六 团圆之梦(第3/3页)

结果,周舍写了休书,失去了宋引章,却也找不到赵盼儿了。

故事发生在两个妓女、一个嫖客身上,看似轻薄,其实不然,因为他们面对的是三种婚姻观念的冲突。赵盼儿的婚姻观念与周舍势不两立,又比宋引章高出很多,因此她足以捉弄前者而救助后者。她捉弄得有趣,救助得有效,正因为她心中的婚姻观念健康而平实,给了她充分的自信。

赵盼儿身在妓院,却反对淫滥婚姻和势利婚姻,追求婚姻生活的“可意”和“相知”。她唱道:

我想这姻缘匹配,少一时一刻强难为。如何可意?怎得相知?怕不便脚搭着脑勺成事早,怎知他手拍着胸脯悔后迟!寻前程,觅下稍,恰便是黑海也似难寻觅。

妓院,本是一个嘲笑婚姻的场所。关汉卿让世间最健康的婚姻观念在那里呈现,正是深得正反玄机之极至。由此也可反衬那些貌似最高贵的婚嫁场所,很可能在操演着淫滥婚姻和势利婚姻的哑剧。

《望江亭》和《救风尘》证明,写出过大悲剧《窦娥冤》的关汉卿也是个喜剧天才。《救风尘》中两个善良的女孩子比赛美丽和聪慧,让自以为是的嫖客步步败退,这本已释放了剧场的感官兴奋,关汉卿还不忘在全剧的各个部位设置喜剧因素。例如,周舍为自己欺侮妻子找理由,竟用这样的语句向别人介绍:

我为娶这妇人呵,整整磨了半截舌头,才成得事。如今着这妇人上了轿,我骑了马,离了汴京,来到郑州。……见那轿子一晃一晃的,我向前打那抬轿的小厮,道:“你这等欺我!”举起鞭子就打,问他道:“你走便走,晃怎么?”那小厮道:“不干我事,奶奶在里边,不知做什么。”我揭起轿帘一看,则见她精赤条条的,在里面打筋斗。来到家中,我说:“你套一床被我盖。”我到房里,只见被子倒高似床。我便叫:“那妇人在哪里?”则听的被子里答应道:“周舍,我在被子里面哩。”我道:“在被子里面做什么?”她道:“我套绵子,把我翻在里头了”。我拿起棍来,恰待要打,她道:“周舍,打我不打紧,休打了隔壁王婆婆。”我道:“好也,把邻舍都翻在被里面!”

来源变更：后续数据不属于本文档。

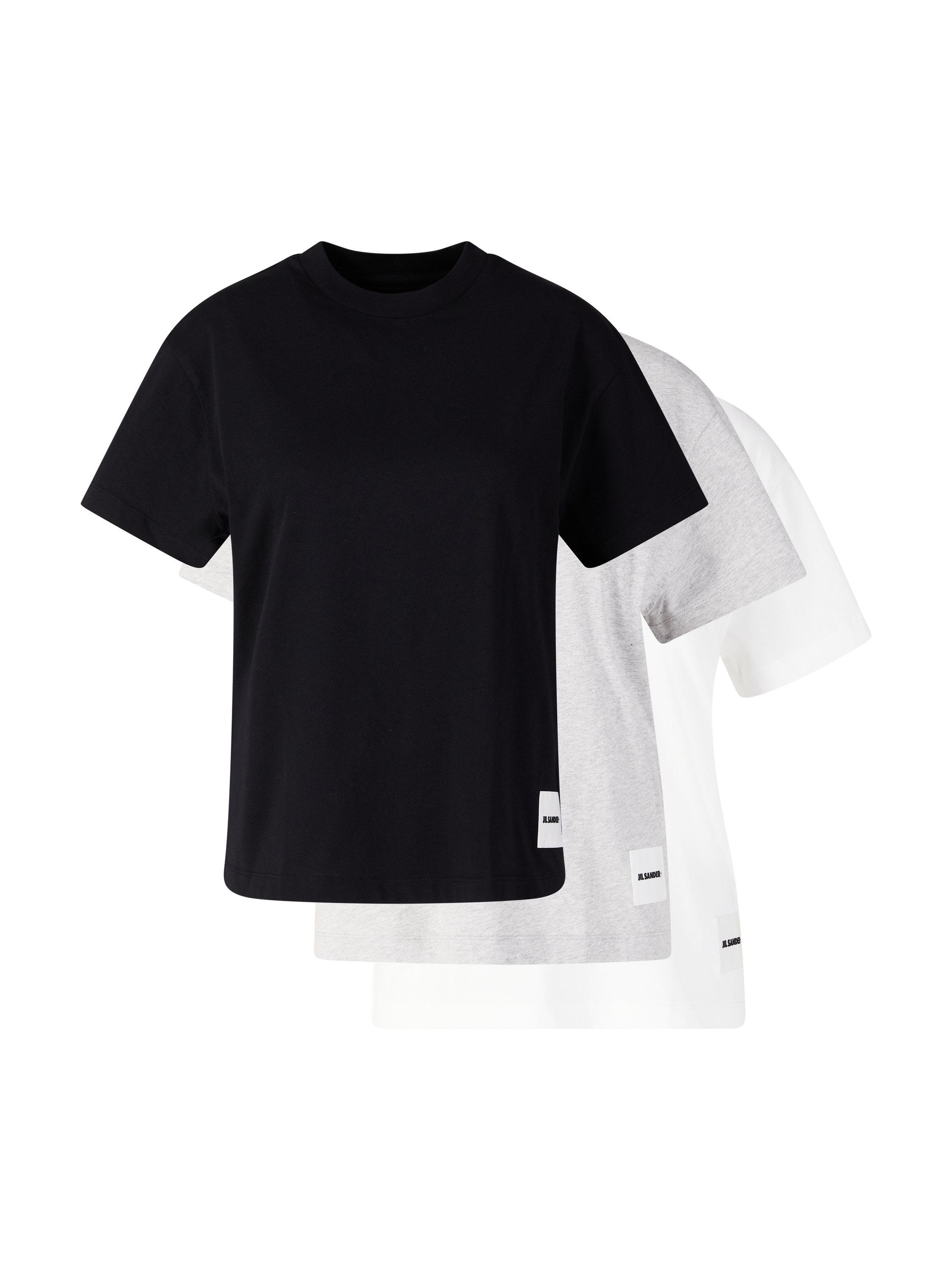 This T-shirt set in multi by JIL SANDER is made from sturdy cotton and boasts a modern design. The round neckline and boxy shape with a logo patch define this model.

可以想象这段话的剧场效果。但观众虽然大笑却断然不信,这中间的分寸拿捏,正是喜剧美立足的缝隙。

在元代,还有一些戏剧家着力于神话、传说题材的爱情剧目,为“团圆之梦”增添了瑰丽色彩。

《柳毅传书》和《张生煮海》就是两出有代表性的神话爱情剧。(《柳毅传书》的作者为真定人尚仲贤,《张生煮海》的作者是保定(或东平)人李好古。)这两出戏,都写了人与龙女相爱的故事,都以喜剧性的大团圆结束。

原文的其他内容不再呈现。